Children malnourished in Tibet

29th May 2014

UN report highlights daily struggles of Tibetans

Earlier this week, an expert United Nations committee expressed its concerns about the plight of Tibetans within China. A review by the Committee on Economic, Cultural and Social Rights (CESCR) has challenged the Chinese government over child malnutrition, unemployment, ethnic discrimination, the mass expulsion of nomads from their land and the “severe restrictions” on Tibetans’ freedom to sustain their language, culture and religion.

Tibetan children go hungry

The CESCR examines all countries every five years, looking at how well they ensure the basic quality of life for those who live there. The committee does not consider issues like torture or repression, which are covered by other committees. Its findings for China paint a disturbing picture of impoverished Tibetans missing out on China’s “economic miracle” and routinely denied the right to Tibetan ways of life. The committee's "Concluding observations" makes clear that the worst area for child malnutrition in China is in Tibet. It also records its concerns over the link between Tibetan unemployment and the mass immigration of Han Chinese people. The committee’s report also highlights issues such as environmental degradation and corruption, affecting everywhere under Beijing's rule, including Tibet.

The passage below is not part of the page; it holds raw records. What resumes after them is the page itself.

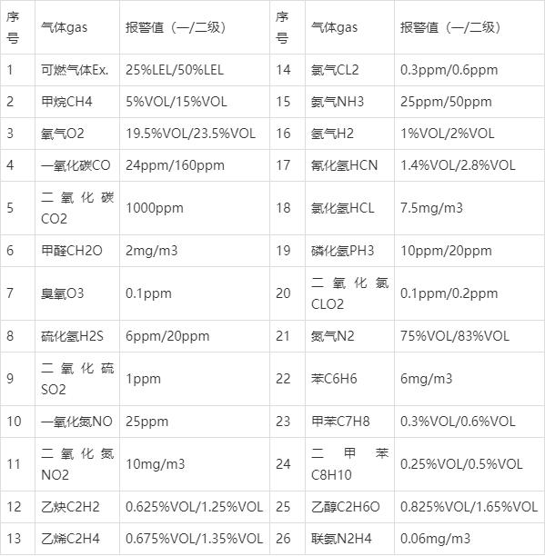 复合气体检测仪报警参数标准应当符合相应的国标规定,并且一般都是要有一、二级报警值的相关要求。根据国标《GBT 50493-2019》中对于可燃气体和有毒气体检测报警设计标准的相关规定,复合气体检测仪的报警值设定应符合以下条件:
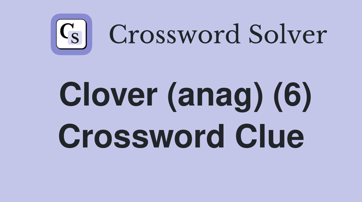 Clover (anag) (6) Crossword Clue Answers Crossword Solver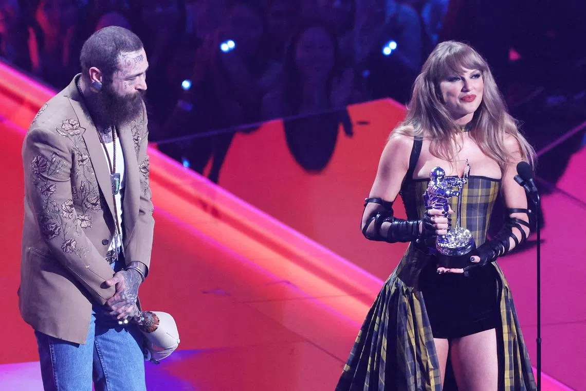 Taylor Swift and Post Malone accept the award for Best Collaboration for Fortnight during the 2024 MTV Video Music Awards in Elmont, New York, on Sept 11.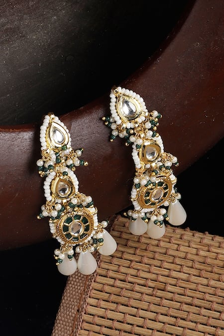 Gold plated long earrings featuring white kundan, pearls, and faux emerald embellishments. Adorned with green natural stones and intricate designs, these earrings are perfect for a statement look.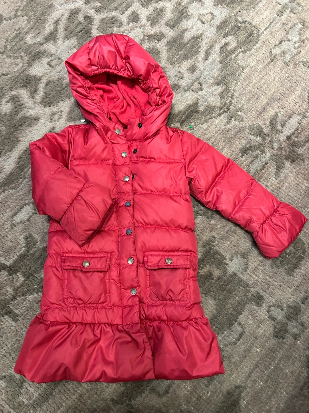Adorable pink puffer jacket. Size 5 toddler. Features a hood, snap closures, and pockets. Down and feather fill (75%!).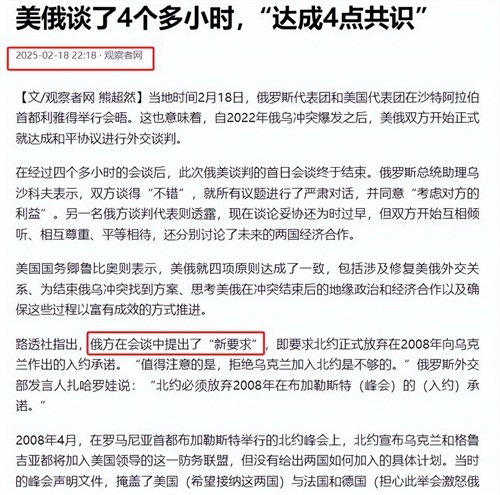 先来说美俄会谈。2月18日,沙特成了俄乌问题的外交主场,美国和俄罗斯的代表终于在这里坐到了一起,对俄乌和平谈判及美俄缓和展开了首次正面对话。绕不开的重点来了:在这次会谈中,俄罗斯直接向北约提出了一个关键要求——取消乌克兰的入约承诺!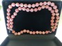 Nepřehlédnutelný, masivní náhrdelník skládající se ze šňůry kulatých korálů rodolitu.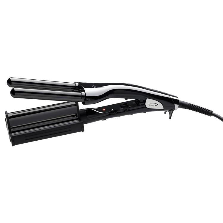 S keramičkim pločicama s mogućnošću okretanja. Zagrijavanje u 90 sec do max 230°C), s mogućnošću zaključavanja pločica. Održava stalnu temperaturu. Profesionalni gumirani kabal 3 metra dužine s mogučnosću okretanja za 360°.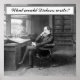Black and white image of a pensive Charles Dickens sitting at a writing desk. One can only wonder what questions are on his mind.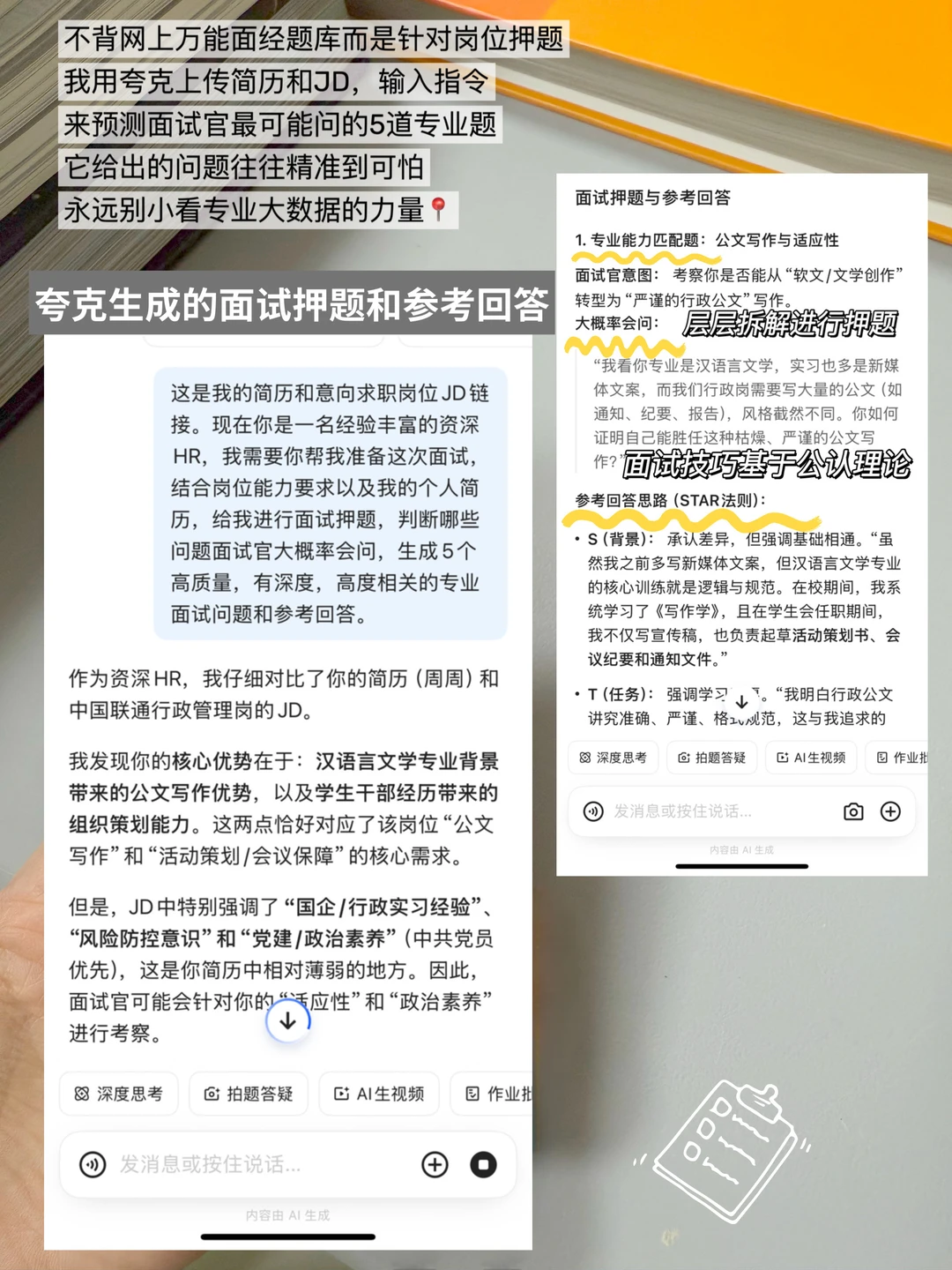 ✓押题要准。不背网上万能面经题库,而是针对岗位押题。在夸克上传简历和JD,输入指令(图3)预测最可能问的5道题,它给的问题精准还有参考回答,别小看大数据。

China claims rights safeguarded

On the heels of the report, China’s government issued its own review of its human rights record, claiming that China has "effectively safeguarded its citizens' right to life and health, personal liberty, personal dignity and other rights of the individual". The report comes as China clamps down severely on any reporting of or references to the Tiananmen Square massacre as its 25th anniversary nears.